Work instruction:
Set down exactly, from the records below, the line with "Includes a bench, a" through the line with "Per rendere ancora", and nothing else.

Given entries:

========

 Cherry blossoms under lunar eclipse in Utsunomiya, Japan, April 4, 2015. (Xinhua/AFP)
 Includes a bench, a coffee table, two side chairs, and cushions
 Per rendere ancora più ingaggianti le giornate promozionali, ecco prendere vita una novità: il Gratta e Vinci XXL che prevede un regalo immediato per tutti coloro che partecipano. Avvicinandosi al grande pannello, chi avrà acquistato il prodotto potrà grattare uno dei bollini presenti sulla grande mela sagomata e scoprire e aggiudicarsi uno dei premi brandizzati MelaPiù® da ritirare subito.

========

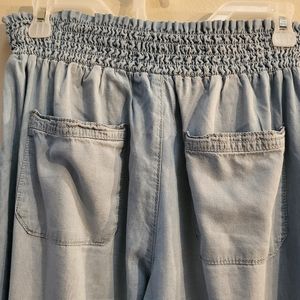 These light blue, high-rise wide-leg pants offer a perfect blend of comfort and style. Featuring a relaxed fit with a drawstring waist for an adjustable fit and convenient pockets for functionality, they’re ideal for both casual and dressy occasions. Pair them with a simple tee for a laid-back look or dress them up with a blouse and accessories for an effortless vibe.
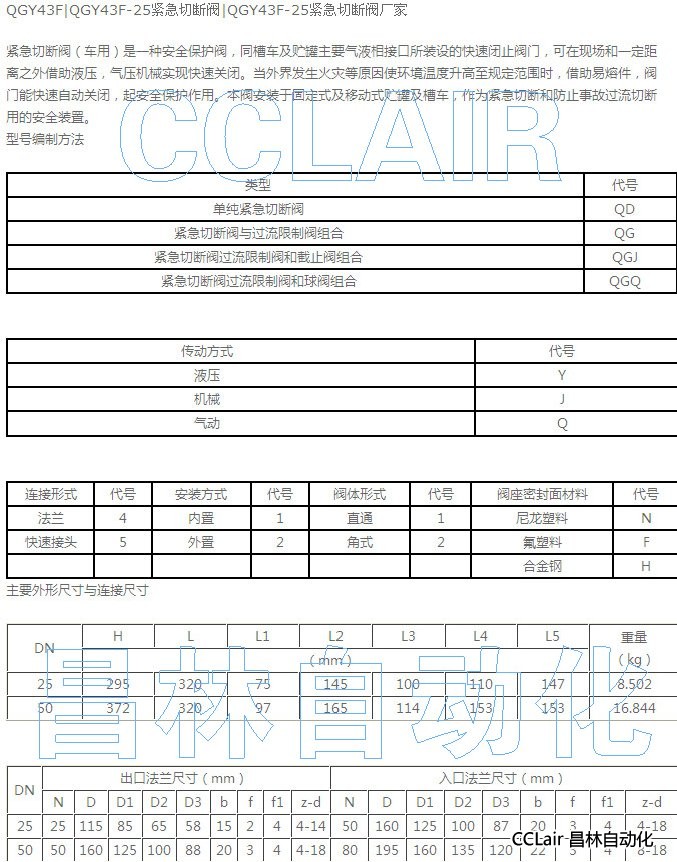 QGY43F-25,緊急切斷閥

========

Final answer:
 Includes a bench, a coffee table, two side chairs, and cushions
 Per rendere ancora più ingaggianti le giornate promozionali, ecco prendere vita una novità: il Gratta e Vinci XXL che prevede un regalo immediato per tutti coloro che partecipano. Avvicinandosi al grande pannello, chi avrà acquistato il prodotto potrà grattare uno dei bollini presenti sulla grande mela sagomata e scoprire e aggiudicarsi uno dei premi brandizzati MelaPiù® da ritirare subito.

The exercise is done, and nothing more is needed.